Need your help urgently to sort the issue we are facing.
Hi Athreya, I was having the same problem. It turns out I needed to add a codec to my output, like this:
output { stdout { codec => json } }
Once I did that the %{message} was replaced with the correct output.
Since it’s clear that data is flowing, have you checked the possibility that Logstash is running into selinux issues? tcpdump usually requires root access to the device, but Logstash not running as root may be hitting some security issue.
Hi,
can anyone help with output to influxdb? i’m using this for input http://www.elasticsearch.org/blog/logstash-collectd-input-plugin/
thx
Kester
The collectd input plugin has been superseded by the collectd codec.
input {udp {
port => 25826
codec => collectd { }
}
}
That said, you should direct this question to the Logstash Google Group
Hi Aaron
Just a side question, as I’m considering shoving my collectd metrics into Logstash/Elasticsearch: how are handled counter-typed metrics? Does the codec perform some roll-up to generate rates from counter increments, or are the raw counter values passed on to the next step of the Logstash pipeline?
Best regards,
m.
The codec only extracts the value from the stream. It does nothing to the value beyond this.

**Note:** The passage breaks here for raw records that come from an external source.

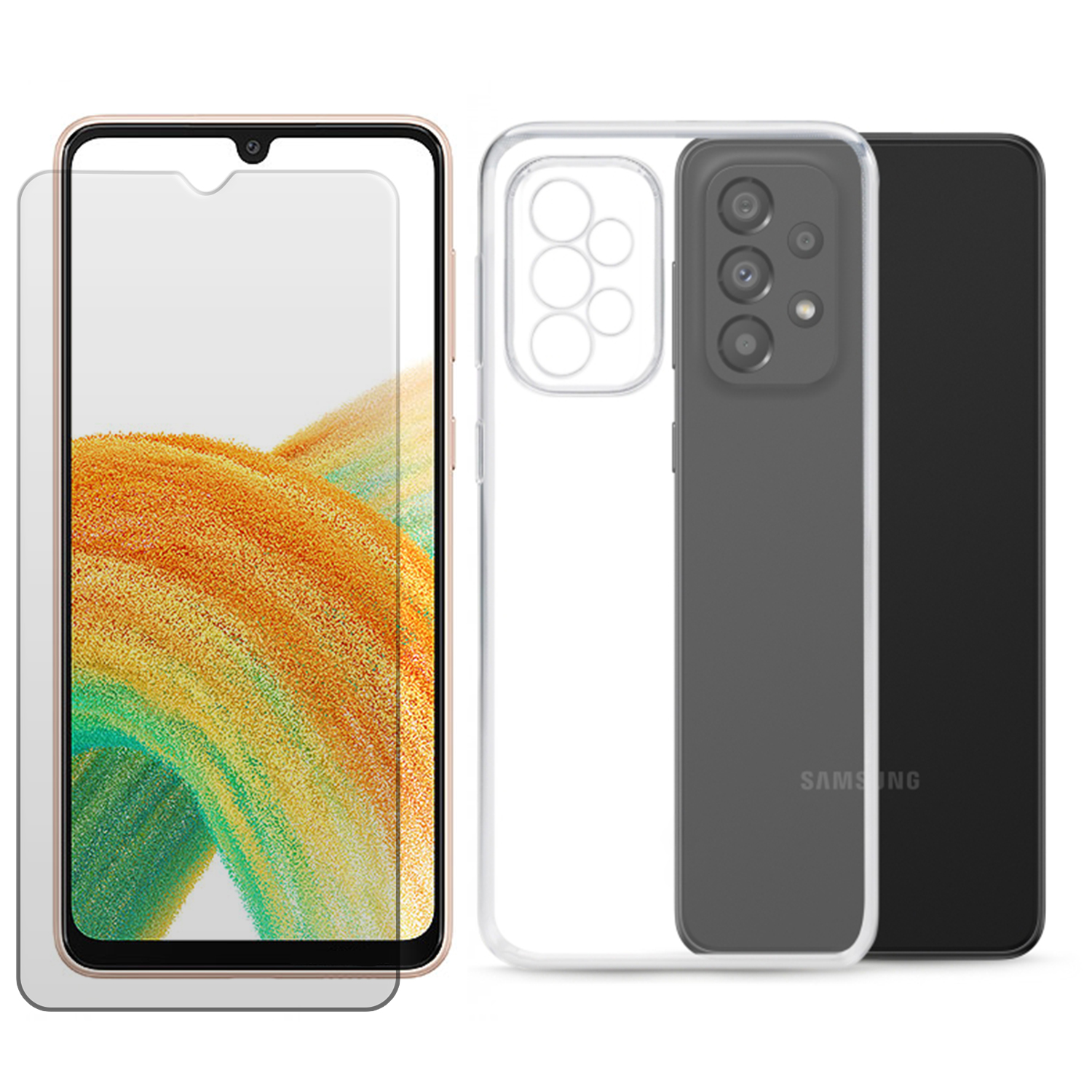 Film verre trempé pour Samsung Galaxy A33 5G SM-A336B SM-A336E taille 6.4" + Coque de protection souple -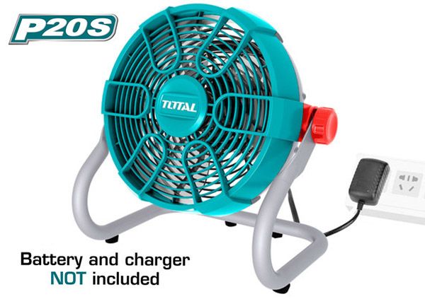 Литий-ионный вентилятор 20V TOTAL TFALI2002 Тип вентилятор Напряжение: 230 В / 50 Гц Скорость вращения: 1700/2600 об / мин. Объем воздуха: 310/450 куб. Футов / мин. Регулировка наклона: 0 - 360 градусов. Размер: размер вентилятора - 280мм, размер лопасти 230мм. Батарея: не входит в комплект Зарядное устройство: адаптер переменного тока. Вес: 2,4 кг. Совместимость с аккумулятороми: 2,0 Ач и 4,0 Ач .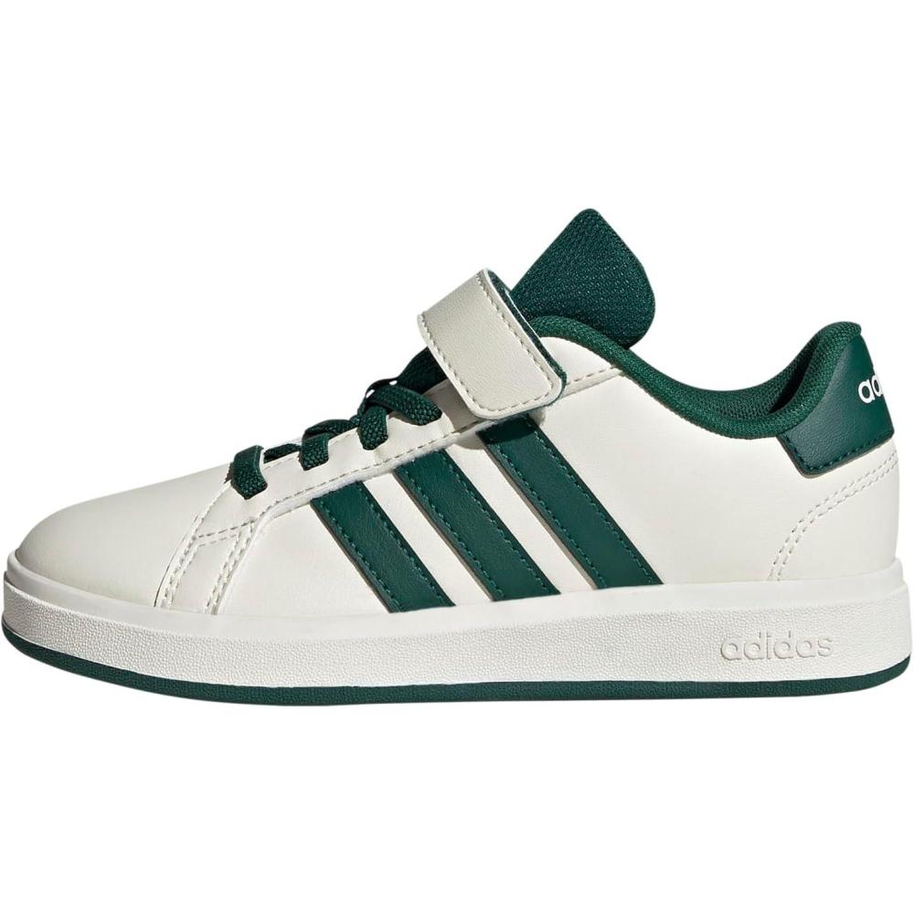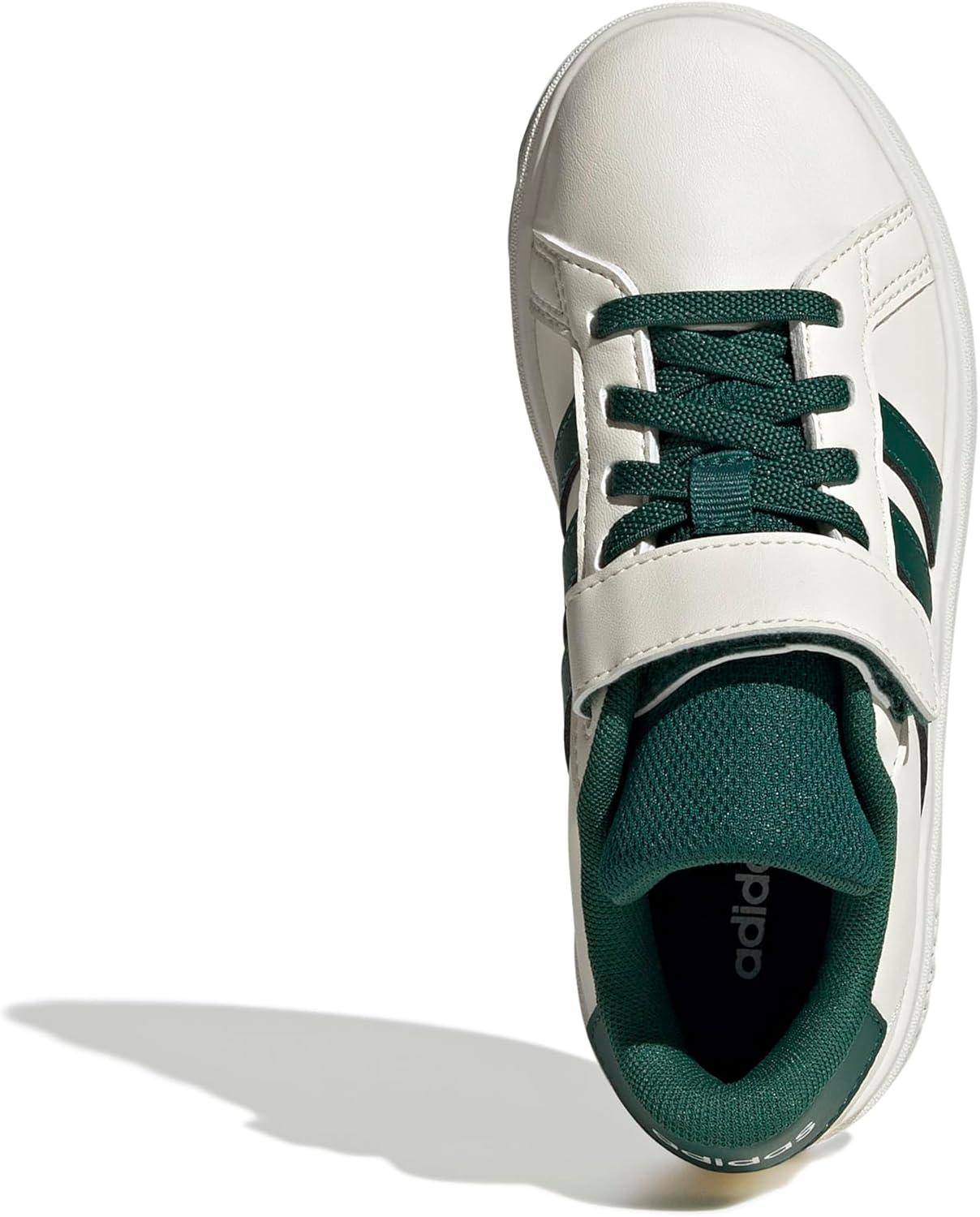 adidas Kids’ Grand Court 2.0 Elastic Lace & Strap Shoes(Off White/Collegiate Green/Black)

See https://github.com/logstash-plugins/logstash-codec-collectd/blob/master/lib/logstash/codecs/collectd.rb#L194 (currently this):
counter_decoder = lambda { |body| body.slice!(0..7).pack("C*").unpack("Q>")[0] }This is based on the Collectd Binary Protocol.
Hi,
How do you manage the tidy up of elasticsearch ?

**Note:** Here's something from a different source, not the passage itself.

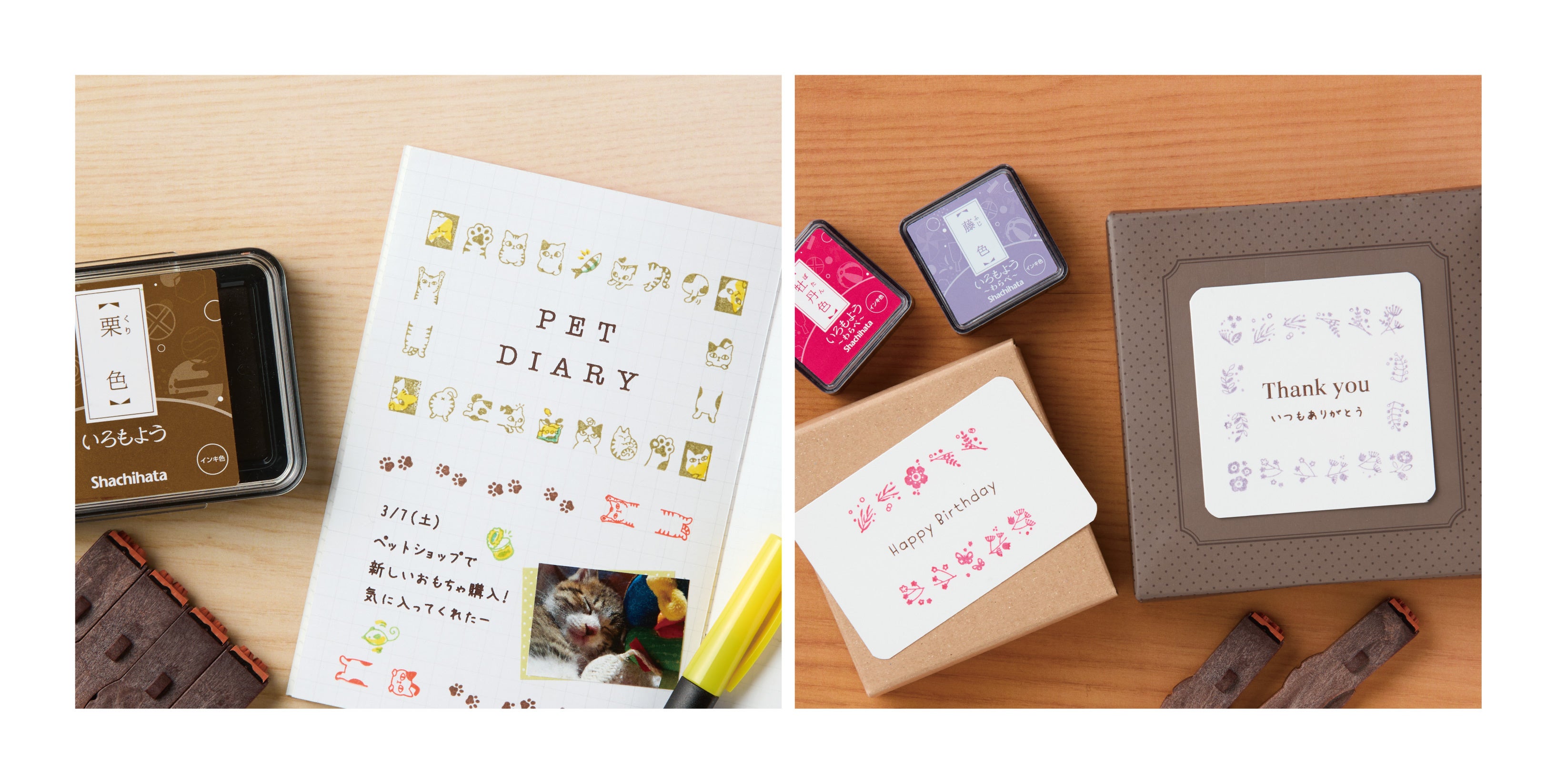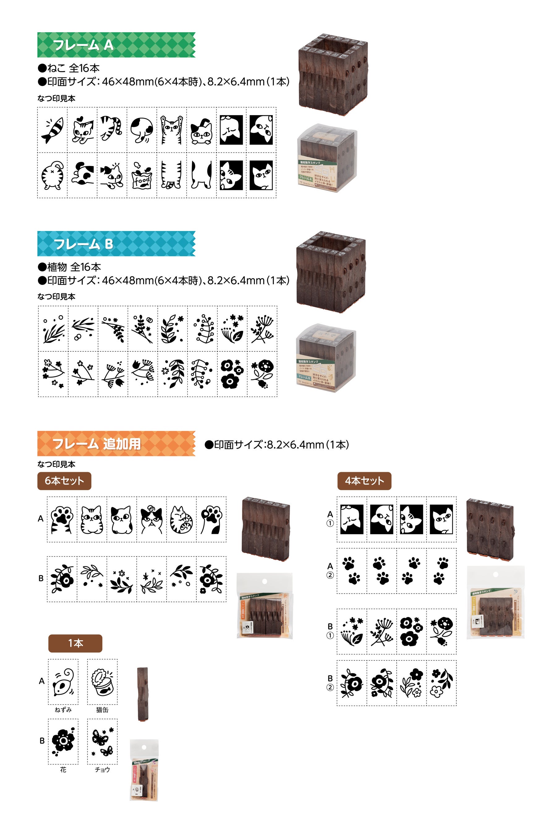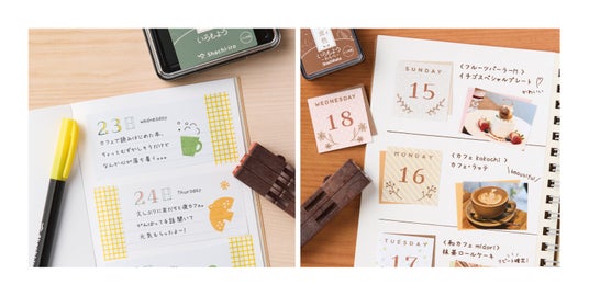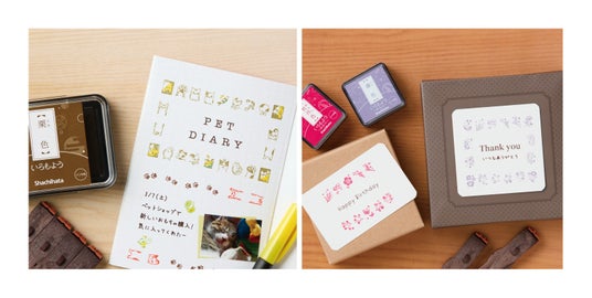 今回は、デコレーションに負けずしっかりと日付表示できる大きな数字の「月日」と、連結する本数次第で好きなサイズ・形に変えられるイラスト枠・罫線の「フレーム」が仲間入り。昨今の「手帳デコ」「ノートデコ」「コラージュ」の盛り上がりに合わせ、いろもようシリーズのスタンプパッドを活用してデコレーションを楽しめるゴム印として商品化しました。「月日」は、0~9までの数字に加え、「月」「日」「/」の記号がセットになっており、「縁取り数字」と「ベタ数字」の使いやすい2タイプの文字からからお選びいただけます。「フレーム」は生き生きとしたポーズが愛らしい「ねこ」と、さりげなく組み合わせやすい「植物」の2種類の柄をご用意。ふせんの各サイズに合わせてご使用いただけます。

I have a collectd index by day. I want to have 5 min graphs, monthly graphs and yearly graphs but I don’t want to have all the 6 mounth old data at the max resolution.

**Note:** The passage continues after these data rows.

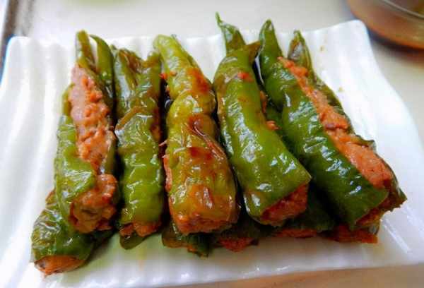 2、锅中倒入植物油,将青椒炒成虎皮状。此时可以在油中加入更多的油,剩下的倒入辣椒面中,制成辣椒油。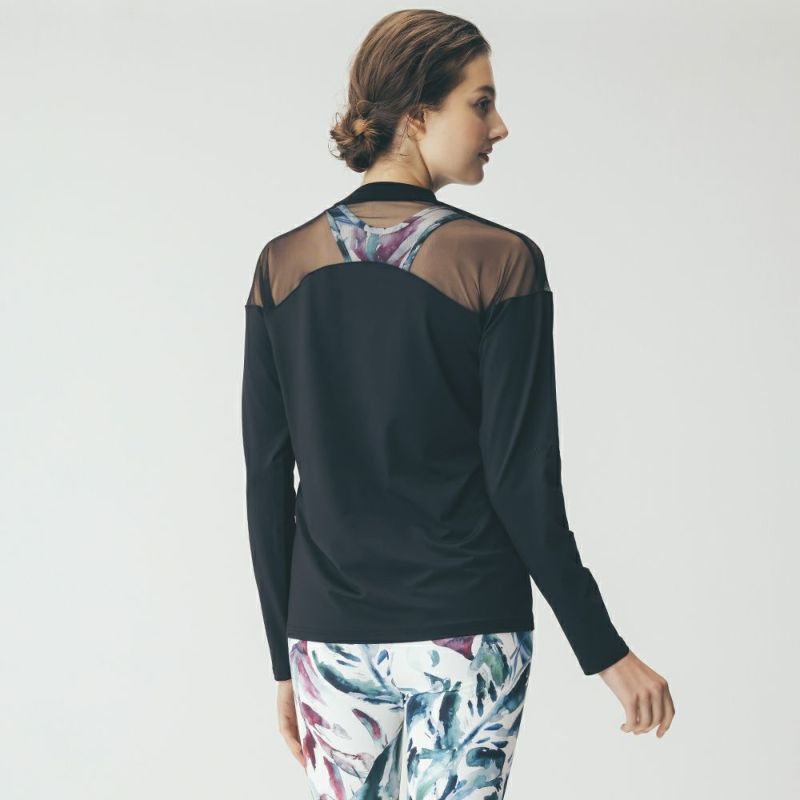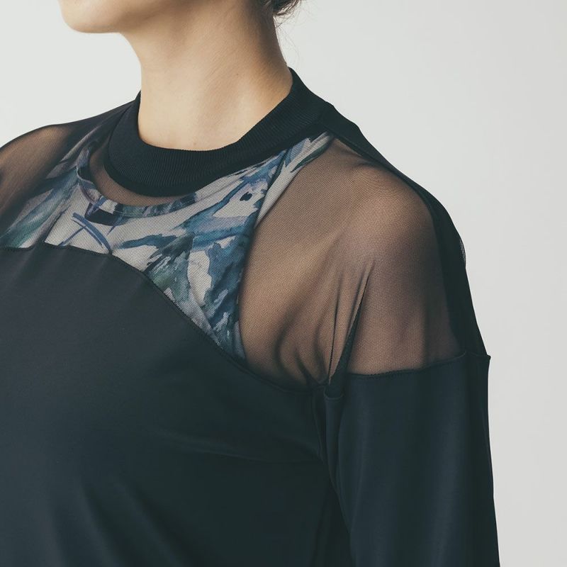 肩周りがチュール切替になったカットソー。透け感のある適度な肌見せで女性らしい印象になります。お尻までかかる丈感で、レッスン中はもちろん行き帰りにもおすすめです。薄手の素材でストレッチ性が高く着心地も快適です。デザインは人気ファッションブランドDOUBLE STANDARD CLOTHINGが監修しています。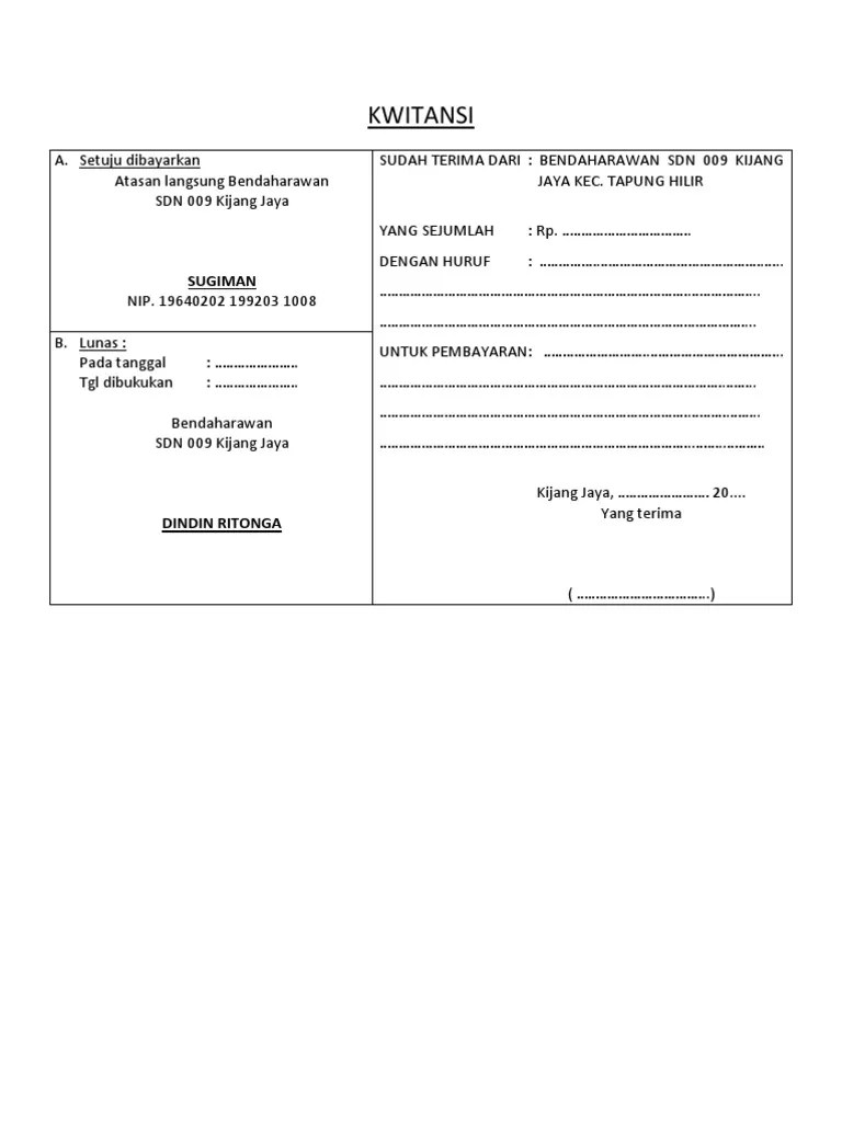 kwitansi otomatis bos sesuai juknis bos terbaru untuk laporan lpj written by agus prasetio sunday may 27 2018 4 comments dalam setiap laporan realisasi. Rp 8,635,000.00 contoh related papers. contoh bku bos 2021.contoh buku kas umum laporan bos format excel materi sekolah. contoh kwitansi laporan bos revisi sekolah. Download kwitansi otomatis bos terbaru kaskus.

If you’re looking to average your results at different intervals, there are no quick ways to do so yet. Elastic is working on a plugin to be able to do these things on the fly, but it’s a ways out. In the meantime, you may be able to do this with some clever collectd and Logstash work, putting aggregated results into different indices. I will caution you about having too many indices open in an Elasticsearch cluster. There is a limit to how many you can keep open, per node, at any given time without causing issues.
ok. thanks a lot !
I think I will keep collectd with graphite and grafana for the moment for metrics, and ELK for logs.
Hi,
Is possible to use logstash-forwarder to send metrics of network to logstash centralized server logs, using collectd codec?.
Or
As I can send network metrics from multiple servers to logstash server?
Thanks
Nacho
Unfortunately, no. Logstash-Forwarder is for file-tailing only. It cannot do anything else. Collectd itself can send to a centralized Logstash instance, however, without the need for any intermediary. It can also send securely, if that’s desired.
Thank you for the information !!
Regards
Nacho
It seems to me the collectd codec does not have the capability of reassembly of fragmented segments. Instead, it fails when it detects that it does not receive the full segment of collectd data. Anyone has this experience before?